I221118 13:14:15.757846 202 raft.go:945 ⋮ [n4,s4,r561/2] 9610  2 [logterm: 11, index: 1805, vote: 6] cast ‹MsgPreVote› for 5 [logterm: 11, index: 1805] at term 11
I221118 13:14:15.758946 207 raft.go:862 ⋮ [n4,s4,r561/2] 9611  2 [term: 11] received a ‹MsgVote› message with higher term from 5 [term: 12]
I221118 13:14:15.758985 207 raft.go:680 ⋮ [n4,s4,r561/2] 9612  2 became follower at term 12
I221118 13:14:15.759001 207 raft.go:945 ⋮ [n4,s4,r561/2] 9613  2 [logterm: 11, index: 1805, vote: 0] cast ‹MsgVote› for 5 [logterm: 11, index: 1805] at term 12

And n3 then happily obeys the new leader:

I221118 13:14:15.757877 223 raft.go:945 ⋮ [n3,s3,r561/6] 11971  6 [logterm: 11, index: 1805, vote: 6] cast ‹MsgPreVote› for 5 [logterm: 11, index: 1805] at term 11
I221118 13:14:15.758948 175 raft.go:862 ⋮ [n3,s3,r561/6] 11972  6 [term: 11] received a ‹MsgVote› message with higher term from 5 [term: 12]
I221118 13:14:15.758987 175 raft.go:680 ⋮ [n3,s3,r561/6] 11973  6 became follower at term 12
I221118 13:14:15.758998 175 raft.go:945 ⋮ [n3,s3,r561/6] 11974  6 [logterm: 11, index: 1805, vote: 0] cast ‹MsgVote› for 5 [logterm: 11, index: 1805] at term 12
I221118 13:14:15.822173 177 raft.go:904 ⋮ [n3,s3,r561/6] 11975  6 [term: 12] ignored a ‹MsgHeartbeatResp› message with lower term from 2 [term: 11]

It's certainly interesting that even n3 casts a prevote for n5 though, even though n3 is supposedly the current leader (this prevote never reaches n5 due to the partition).
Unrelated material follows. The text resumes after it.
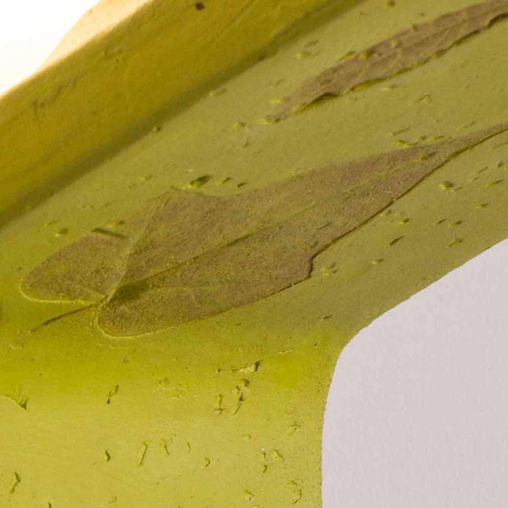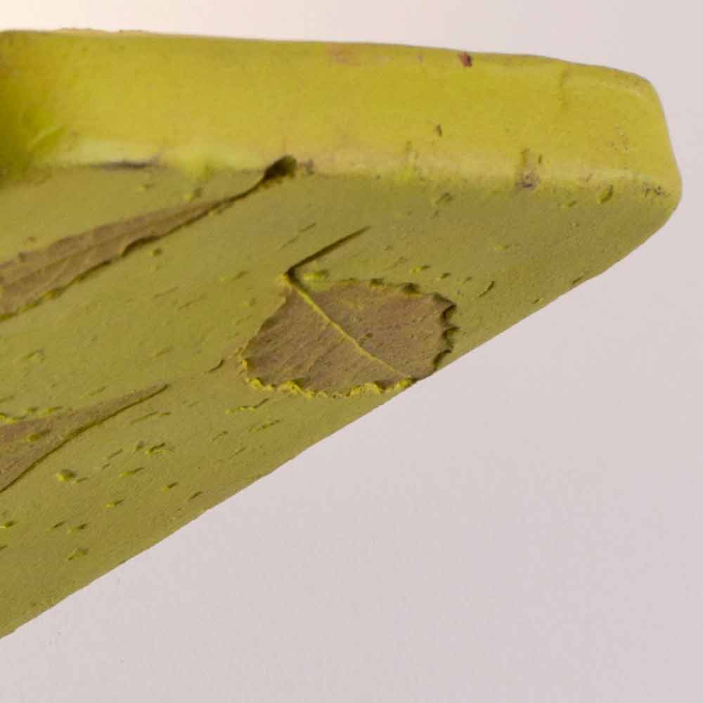 The design of this decoration is produced using real leaves pressed by hand directly into the cast.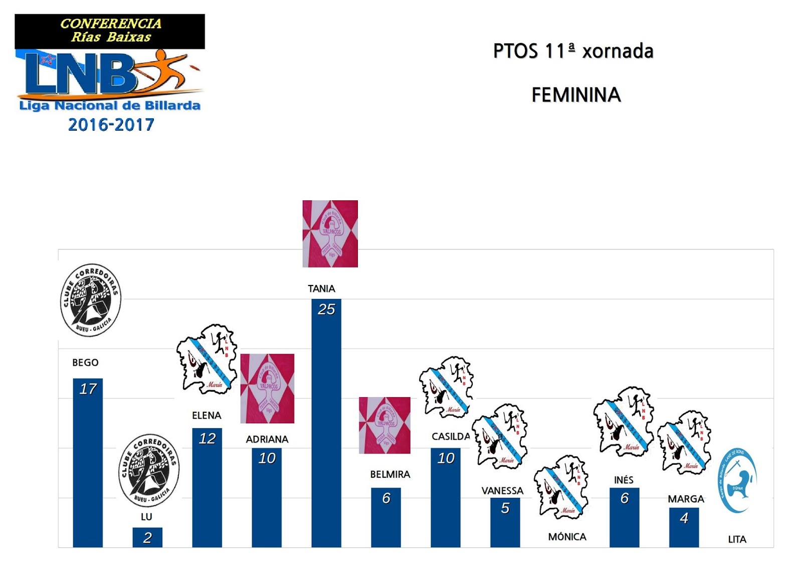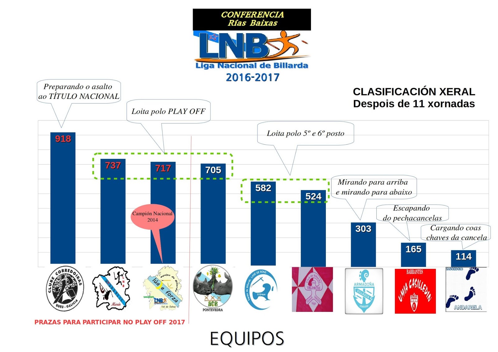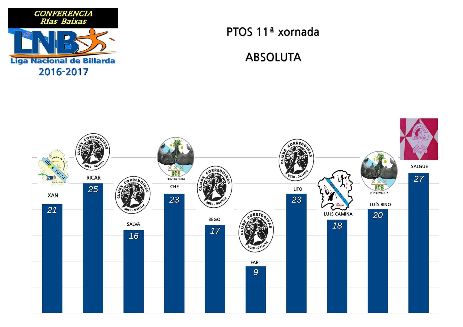 Despois de sumar os puntos desta xornada 11 e faltando 5 xornadas, os xogadores e xogadoras xa están facendo contas para ver se conseguen os seus obxectivos. Para unhas poucas persoas o obxectivo é o título de Conferencia, para outras moitas conseguir estar entre as prazas que dan dereito a participar no PLAY OFF NACIONAL LNB 2017. Entón, todo fai indicar que o Título de Conferencia irá para un destes catro palanadores: Xan, Ricar, Che ou Salva.

The Raft logs above are complete, so there's no indication that n3 lost its leadership. I'll have to go read some Raft code, I think.
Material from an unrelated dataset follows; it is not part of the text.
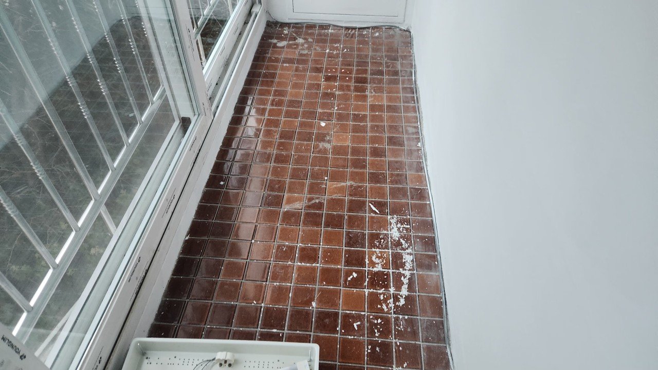 베란다 타일 바닥과 작업 자국 꼼꼼히 세정
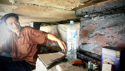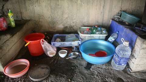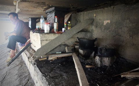 Cuộc sống tại đây rất khổ cực, để lên được "căn hộ" này phải leo lên 1 con dốc thẳng đứng cao hơn 10m. Hằng ngày, anh Tuấn phải đi xin 2 xô nước từ những gia đình người dân sống xung quanh để sinh hoạt nấu nướng. Khu vực bếp củi được bố trí ngay khoang bên cạnh.

erikgrinaker commented 1 year ago

It seems like this is a bug in the Raft library. When n5 sends a PreVote, it sends it for the next term (in this case 12):

https://github.com/etcd-io/etcd/blob/87258efd90224bc8b59e000f75fe07fdeab68e2d/raft/raft.go#L784-L785

But a node will always accept a PreVote for a future term:

https://github.com/etcd-io/etcd/blob/87258efd90224bc8b59e000f75fe07fdeab68e2d/raft/raft.go#L924

erikgrinaker commented 1 year ago

Tried out a trivial patch to disable that condition, and the node no longer picks up Raft leaderships. Will submit a proper patch upstream.

nvanbenschoten commented 1 year ago

and importantly, if it has not received an AppendEntries RPC from the leader with in the election timeout.

I don't recall seeing code that implements this logic in etcd/raft. Do you mind pointing me to it?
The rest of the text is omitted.